Не могу сказать, что заметил в его лине какие-то признаки, указывавшие на жестокость или преступные наклонности. Вовсе нет: напротив, его невинность, казалось, граничила с идиотизмом. Он смахивал на негра-европейца, если такой ужасный гибрид существует. Выражение его лица было вовсе не злое — скорее, детское и глупое.
Сейчас уже не вспомню, говорили ли мы о чем-то, но если и говорили, наверняка о чем-то несущественном. Но помню, как на миг поднял глаза от своего сундука и заметил, что в каюте повисло напряженное молчание. Лорд Кингскорт и этот человек… и слов-то не подберу… казалось, им неловко оказаться вдвоем в столь тесной каюте. При этом они улыбались друг другу, как идиоты. Трудно объяснить. Как будто дебютантка танцует с уродом-бароном, чтобы не огорчить маменьку и не пустить по миру семью. Они не говорили ни слова, но при этом ощущалась большая неловкость — причем явно обеими сторонами.
Я вернулся к поискам и вскоре нашел необходимые бумаги. Мальчик принялся возиться с бельем, лежавшим в шкафу, но отец велел ему вести себя прилично. Спокойно и добродушно, самая обычная сцена. И тут вошла девушка.
Она встала в дверях — неподвижно, как гипсовая мадонна. В жизни не видел, чтобы женщина стояла, не шевелясь — ни прежде, ни потом. Вы же знаете, они вечно вертятся и кривляются, как прокаженные. Эта же стояла смирно, как часовой. Держалась девушка положительно странно, с небрежностью, свойственной ее невежественному классу и народу: ни грации, ни кротости, такой сделаешь комплимент, а она пронзит тебя взглядом, — но подобное поведение показалось мне слишком уж странным. Словно вид калеки поразил ее до глубины души. Что же до калеки, он тоже оцепенел.

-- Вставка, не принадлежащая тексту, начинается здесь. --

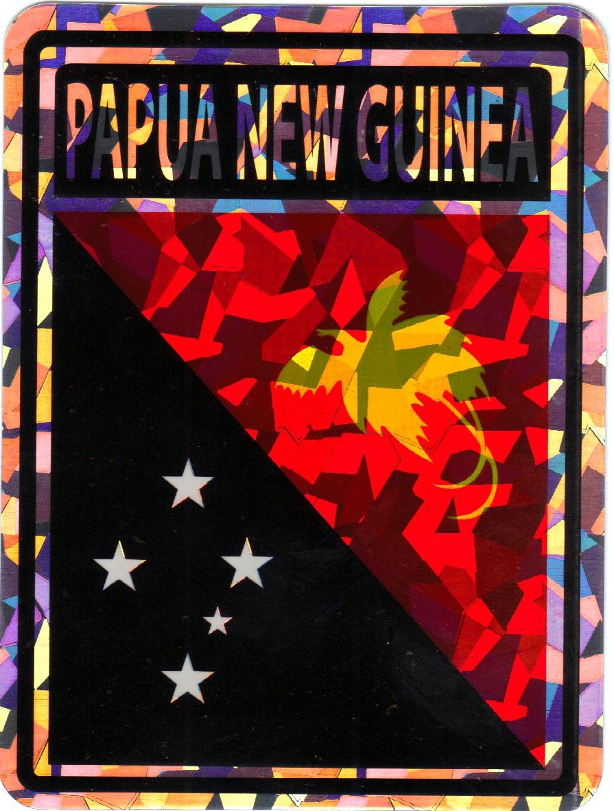Papua New Guinea prismatic reflective decal stickers are made of waterproof vinyl. Decals measure 3"x4" and can be used outdoors in all weather. Great for attaching to your car, truck or boat. Decorate your home or automobile and show your Papua New Guinean pride.
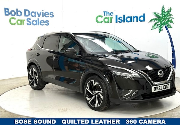 Gorgeous One Owner TEKNA + New Model Nissan Qashqai is a top-of-the-range edition includes Pearl Black Metallic Paint, Nappa Quilted Leather Heated Seats and Park Assist & 360 Parking Camera, Panoramic Glass Roof, Bose Sounds System, Touchscreen SATNAV & CARPLAY, 20" Diamond Cut Alloy Wheels, Apple Carplay & Android Auto, Heated Steering Wheel, 12 Way Electric Seat Adjustment & Memory Seats, Bluetooth Media, Dual Zone Climate Control, Cruise Control, Auto Lights and Wipers, DAB Radio, Great FULL Service History & 2 Keys to list a few. ****** Bob Davies Car Sales is established as a trusted supplier of quality cars. Family business providing low mileage cars for over 40 years. High standards, great reputation & 5-star customer service. Best value in 100 mile radius. ***** Request a personal walk round on any car and well make sure youre happy before reserving, travelling or delivery. No pressure, no fuss, no fees. Secure with £100 refundable deposit.***** We deliver all over the UK to your door with our successful "Mouse to House" delivery. Wherever you live, we will bring your perfect car to you. Feel confident in the quality and condition of our vehicles, our warranty covers the UK.****** Best Rate Finance available to all, even for poor credit. No deposit needed just contact us and we will tailor to suit you. Part Exchange Very Welcome. " Quality Cars at Sensible Prices".Quilted Premium Leather & Heated Seats, 20" Alloys & Panoramic Glass Roof, SATNAV CARPLAY & 360 CAMERA, One Owner Full Service History, Bose Sounds Pack & Power Tailgate, Pearl Black, Quilted Premium Leather , Nissan Connect 12.3in Touchscreen Infotainment System, NissanConnect Navigation, 20in Alloy Wheels - Diamond Cut, 360 View Camera, Bluetooth with Audio Streaming, Bose Sounds Pack, Front USB Connections - Type A and Type C, Privacy Glass, Glass Roof Pack, TomTom Services Live Traffic, Wireless Apple CarPlay, Wireless Phone Charger, Rear Cross Traffic Alert, Rear Roof Spoiler, Lane Departure Warning, Lane Departure Prevention, Intelligent Lane Intervention, Traffic Sign Recognition, Two Rear ISOFIX Child Seat Anchorage Point with Top Tether, Rear Parking Sensors, Lane Keep Assist, Intelligent Cruise Control, Intelligent Blind Spot Intervention, Front Parking Sensors, Front Heated Seats, Advanced Intelligent Key with Driver Memory Storage - Seats - Mirrors - Audio, Automatic Dual Zone Climate Control with Pollen Filter, Electrically Adjustable Drivers Seat with Massage and Memory Function, Tech Pack - Drive Assist - HUD, Heated Steering Wheel, Handsfree Automatic Opening Power Tailgate, Google Maps Services - Search - Weather - 3D Maps and Google Street View, Intelligent Around View Monitor, Blind Spot Warning
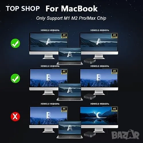 Нова 12 в 1 USB C докинг станция два монитора Windows MST Dock с 8K HDMI 2.1 Хъб → Обява 49451238
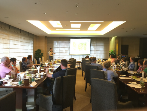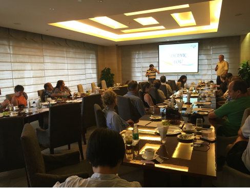 會(huì)上,董事長黃永博士詳細(xì)講解了太抗系列產(chǎn)品的作用機(jī)理及各地應(yīng)用案列,得到了所有與會(huì)人員的高度關(guān)注。當(dāng)講到太抗產(chǎn)品的安全性時(shí),外賓們紛紛將在燒杯中的樣品看了又看,聞了又聞,可能實(shí)在覺得看似酸奶的生物農(nóng)藥著實(shí)稀奇。PPT放映結(jié)束后,外賓們接連提問,關(guān)于產(chǎn)品的保質(zhì)期、使用技術(shù)、投入產(chǎn)出比等等,董事長一一解答,連喝水的空都沒有。其中,來自來自維多利亞州的Gary Jeans講到其種植有4000公頃有機(jī)李用于出口中國,非常希望能用上太抗系列產(chǎn)品!此外,有外賓提出想帶些樣品回澳洲,也有外賓提出想和我公司澳洲研發(fā)人員深入交流,更有外賓要了黃董厚厚一疊名片說是要去澳洲幫我們做宣傳!

Она сжимала в руках две подушки, каковые, видимо, ей велели сюда принести. Но она застыла на пороге, даже не положила подушки. Не побледнела, не изменилась в лице. Просто очень долго не двигалась.
Тут Мерридит принялся их знакомить, будто давал какой-то странный прием:
— А, Малви. Не знаю, знакомы ли вы с няней моих сыновей. Мисс Дуэйн.
— Мэри, это ты, — еле слышно пролепетал ирландец.
Кингскорт явно смутился.
— Так вы знакомы?
Опять долгое время никто ничего не говорил.
— Наверное, вы встречались на корабле?
Хромой смиренно проговорил:
— Сэр, мы с мисс Дуэйн в юности знали друг друга. Наши семьи когда-то были дружны. Я имею в виду, в Голуэе.
— Ясно. Что ж, приятно. Правда, Мэри?
Служанка не произнесла ни слова, ни звука.
— Быть может, я ненадолго оставлю вас и вы пообщаетесь? — предложил ее злосчастный хозяин.
Она положила подушки на полку и вышла, не ответив ни слова. Мерридит недовольно хмыкнул, сконфуженный ее поступком.
— Ох уж эти женщины.
— Да, сэр.
— Она недавно потеряла мужа. И немного не в себе. Простите ее.
Калека ответил со своим смешным и противным выговором:
— Я понимаю, сэр. Спасибо, сэр. Благослови вас Господь и Богородица.
Они портят английский язык так же, как все остальное.
Вот и все, что я могу вам рассказать. Я запер сундук и ушел восвояси.
Девушка стояла в конце коридора, спиной ко мне. Охрана смотрела на нее, но она словно не замечала. Я больше не думал об этом, вернулся в свою каюту. […]
Казалось бы, общество убийцы и его жертвы должно было бы произвести на меня большее впечатление, но, если уж начистоту, ничего такого не было. Меня скорее тревожило, что я оставляю сундук в обществе того, кто прогрызет в нем дыру в надежде найти там бутылку, пистолет или четки.
* * *
Главный коридор первого класса около часа дня
Из показаний, записанных Дэниелом О’Доудом и капитаном Джеймсом Бриггсом из отделения полиции Нью-Йорка 20 декабря 1847 года, через две недели после убийства. Джон Уэйнрайт, матрос-ямаец, охранявший каюты первого класса, вспомнил, что слышал нижеизложенный разговор, доносившийся из кают-компании или гостиной, и сперва принял его за ссору лорда и леди Кингскорт. «Они все время ссорились и ругались, — пояснил он, — но капитан приказал нам не вмешиваться».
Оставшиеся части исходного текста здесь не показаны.